EXERCISE DESCRIPTION:
Without reproducing any image, print the listing below exactly.

EXERCISE INPUT:
*** Begin section ***

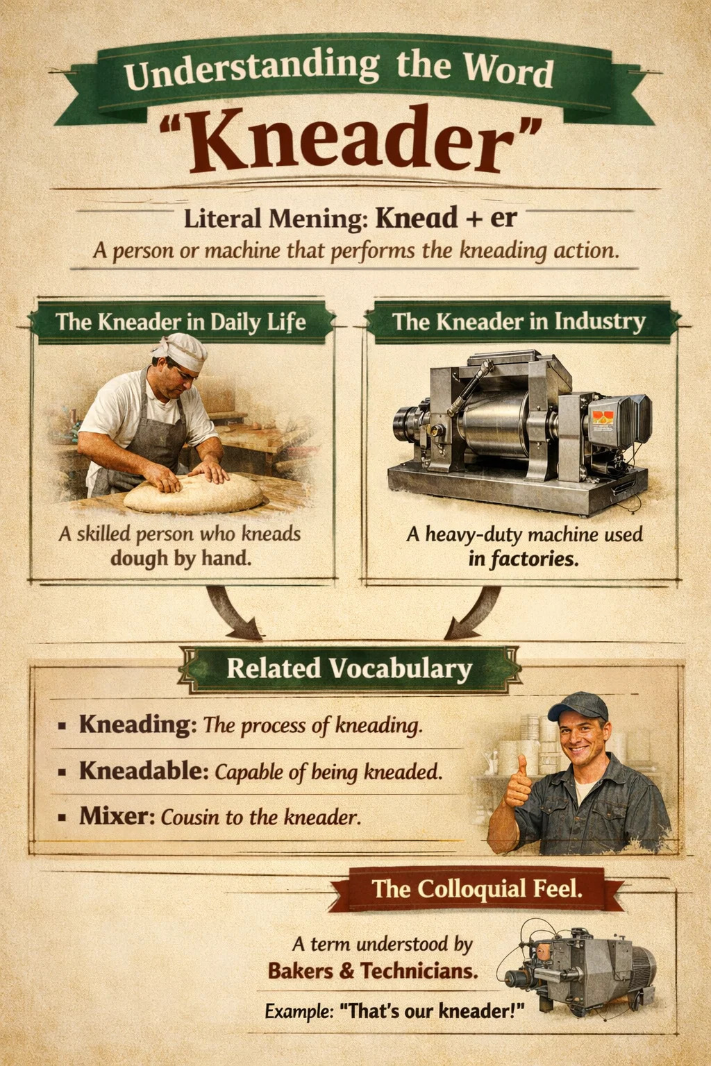 Toto slovo se skládá ze slovesa „hníst“ (hněte těsto) a přípony „-er“ (přípona označující osobu nebo věc).
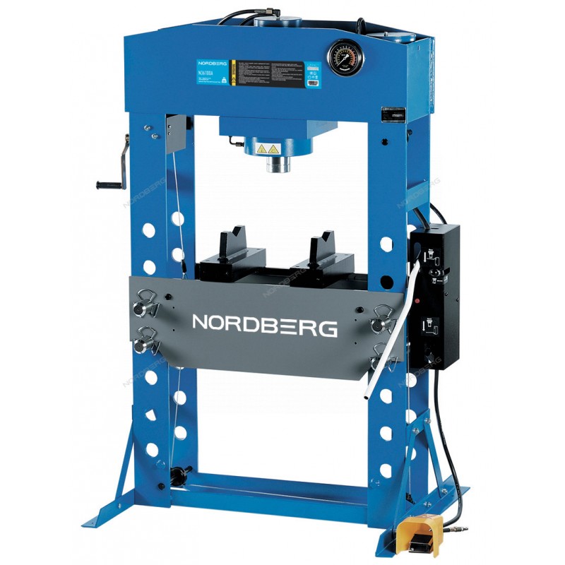 Гидравлический пресс с ручным пневмоприводом NORDBERG N36100A – оборудование для выполнения ремонтных работ в автосервисах и СТО.ФУНКЦИОНАЛИспользуется при следующих ремонтно-монтажных работах: выпрессовки подшипников и втулок, правки различных деталей, запрессовывания, для контроля допустимой нагрузки и надежности сварочных швов и пр.ПРЕИМУЩЕСТВАМаксимальное усилие 100 тРегулировка положения рабочего стола с помощью лебедки2 пластины-трапецииАвтоматический возврат поршняНадежная сварная рама обеспечивает устойчивость конструкцииГидравлический насос с пневмоприводомНожная педальПорошковое покрытие корпуса препятствует образованию коррозииЗащита от перегрузок благодаря предохранительному клапануУДОБСТВО ИСПОЛЬЗОВАНИЯРегулируемый рабочий стол и перемещение гидравлического цилиндра по оси позволяет работать с крупногабаритными деталями.Глицеринозаполненный манометр большого диаметра для контроля силы нагрузки расположен на уровне глаз.КОМПЛЕКТАЦИЯГидравлический пресс NORDBERG N36100AПаспорт-инструкцияПресс с ручным пневмоприводом NORDBERG N36100A – незаменимое оборудование в автосервисах, СТО, гаражах, позволяющее эффективно и быстро выполнять различные ремонтные работы.
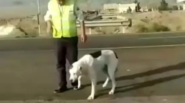 فیلم دیدنی از جان فشانی مامور پلیس برای نجات سگ در اتوبان / انسانیت زیباست
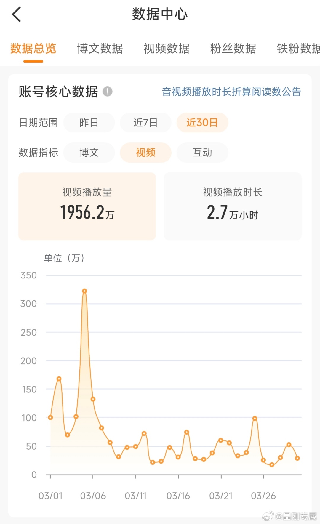 3月微博总结:发博665条,总阅读2.6亿,视频播放1956万,时长2.7万小时。
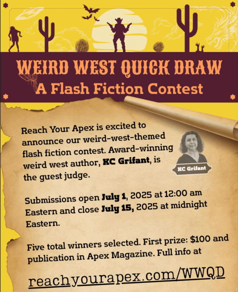 Details: https://reachyourapex.com/weird-west-quick-draw-a-flash-fiction-contest/
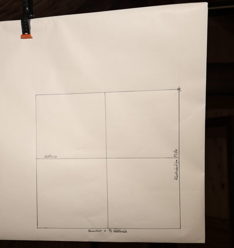 Wir beginnen damit, ein Grundgerüst zu zeichnen. Das Grundgerüst hat die Breite des halben Hüftumfangs (inkl. der Zugabe aus unserem Maßsatz) und die Länge des Rocks.
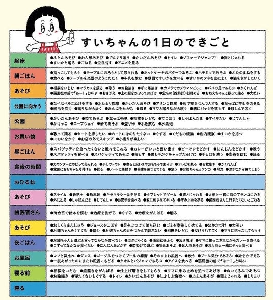▲すいちゃんが1日にしたこと表(『すいちゃんはいそがしい』巻末より)
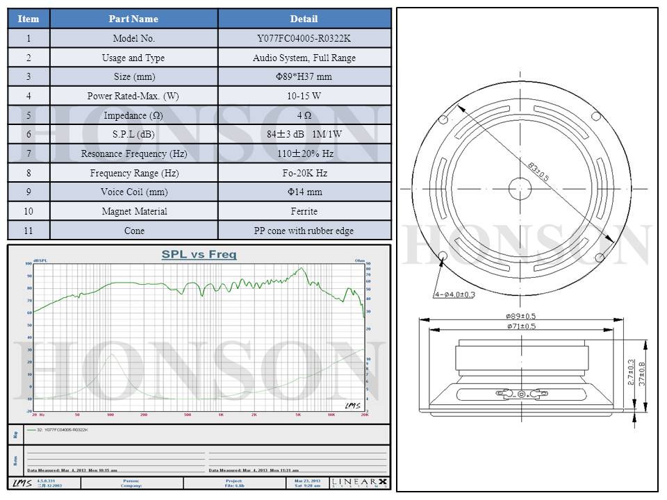 Φ89mm/4Ω/10W/Full Range
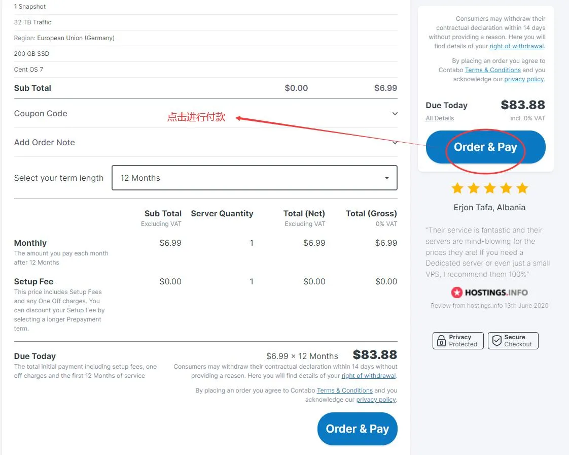 以下是详细的 Contabo VPS 购买步骤,每一步都配有图文说明,供您参考。
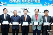 스페이스뉴스 스페이스뉴스 기자 | 전라남도는 24일 도청 서재필실에서 ㈜성경식품, ㈜해진수산, ㈜해진식품 등 3개사와 투자금액 총 1천34억 원 규모의 투자협약을 했다고 밝혔다. 이번 투자로 302명의 신규 고용 창출도 기대된다. 이날 협약식에는 김영록 전남도지사를 비롯해 육현진 ㈜성경식품 대표, 김성윤 ㈜거해 대표, 임한택 ㈜해진수산·㈜해진식품 대표, 김희수 진도군수, 윤재광 영암부군수 등이 참석했다. ㈜성경식품은 자반김 전문업체 ㈜거해와 합작해 500억 원을 투자, 진도 군내농공단지에 생산시설을 구축한다. 최첨단 설비와 스마트 자동화 공정을 도입해 강화된 글로벌 위생 기준에 대응해 진도공장을 글로벌 수출 전진기지로 육성할 계획이다. 향후 조미김 등 완제품 가공 분야까지 투자 범위를 확대해 김 산업의 부가가치를 높여갈 예정이다. ㈜해진수산과 ㈜해진식품은 534억 원을 투입, 영암군에 마른김·조미김 생산라인을 구축한다. 해남에서 레미콘 기업을 운영해 온 임한택 대표의 식품산업 진출 사례로, 지역 내 식품 분야 투자 다각화를 촉진하는 모범 모델이 될 것으로 주목된다. &nbs

*** End section ***

COMPLETED EXERCISE:
 Toto slovo se skládá ze slovesa „hníst“ (hněte těsto) a přípony „-er“ (přípona označující osobu nebo věc).
 Гидравлический пресс с ручным пневмоприводом NORDBERG N36100A – оборудование для выполнения ремонтных работ в автосервисах и СТО.ФУНКЦИОНАЛИспользуется при следующих ремонтно-монтажных работах: выпрессовки подшипников и втулок, правки различных деталей, запрессовывания, для контроля допустимой нагрузки и надежности сварочных швов и пр.ПРЕИМУЩЕСТВАМаксимальное усилие 100 тРегулировка положения рабочего стола с помощью лебедки2 пластины-трапецииАвтоматический возврат поршняНадежная сварная рама обеспечивает устойчивость конструкцииГидравлический насос с пневмоприводомНожная педальПорошковое покрытие корпуса препятствует образованию коррозииЗащита от перегрузок благодаря предохранительному клапануУДОБСТВО ИСПОЛЬЗОВАНИЯРегулируемый рабочий стол и перемещение гидравлического цилиндра по оси позволяет работать с крупногабаритными деталями.Глицеринозаполненный манометр большого диаметра для контроля силы нагрузки расположен на уровне глаз.КОМПЛЕКТАЦИЯГидравлический пресс NORDBERG N36100AПаспорт-инструкцияПресс с ручным пневмоприводом NORDBERG N36100A – незаменимое оборудование в автосервисах, СТО, гаражах, позволяющее эффективно и быстро выполнять различные ремонтные работы.
 فیلم دیدنی از جان فشانی مامور پلیس برای نجات سگ در اتوبان / انسانیت زیباست
 3月微博总结:发博665条,总阅读2.6亿,视频播放1956万,时长2.7万小时。
 Details: https://reachyourapex.com/weird-west-quick-draw-a-flash-fiction-contest/
 Wir beginnen damit, ein Grundgerüst zu zeichnen. Das Grundgerüst hat die Breite des halben Hüftumfangs (inkl. der Zugabe aus unserem Maßsatz) und die Länge des Rocks.
▲すいちゃんが1日にしたこと表(『すいちゃんはいそがしい』巻末より)
 Φ89mm/4Ω/10W/Full Range
 以下是详细的 Contabo VPS 购买步骤,每一步都配有图文说明,供您参考。
 스페이스뉴스 스페이스뉴스 기자 | 전라남도는 24일 도청 서재필실에서 ㈜성경식품, ㈜해진수산, ㈜해진식품 등 3개사와 투자금액 총 1천34억 원 규모의 투자협약을 했다고 밝혔다. 이번 투자로 302명의 신규 고용 창출도 기대된다. 이날 협약식에는 김영록 전남도지사를 비롯해 육현진 ㈜성경식품 대표, 김성윤 ㈜거해 대표, 임한택 ㈜해진수산·㈜해진식품 대표, 김희수 진도군수, 윤재광 영암부군수 등이 참석했다. ㈜성경식품은 자반김 전문업체 ㈜거해와 합작해 500억 원을 투자, 진도 군내농공단지에 생산시설을 구축한다. 최첨단 설비와 스마트 자동화 공정을 도입해 강화된 글로벌 위생 기준에 대응해 진도공장을 글로벌 수출 전진기지로 육성할 계획이다. 향후 조미김 등 완제품 가공 분야까지 투자 범위를 확대해 김 산업의 부가가치를 높여갈 예정이다. ㈜해진수산과 ㈜해진식품은 534억 원을 투입, 영암군에 마른김·조미김 생산라인을 구축한다. 해남에서 레미콘 기업을 운영해 온 임한택 대표의 식품산업 진출 사례로, 지역 내 식품 분야 투자 다각화를 촉진하는 모범 모델이 될 것으로 주목된다. &nbs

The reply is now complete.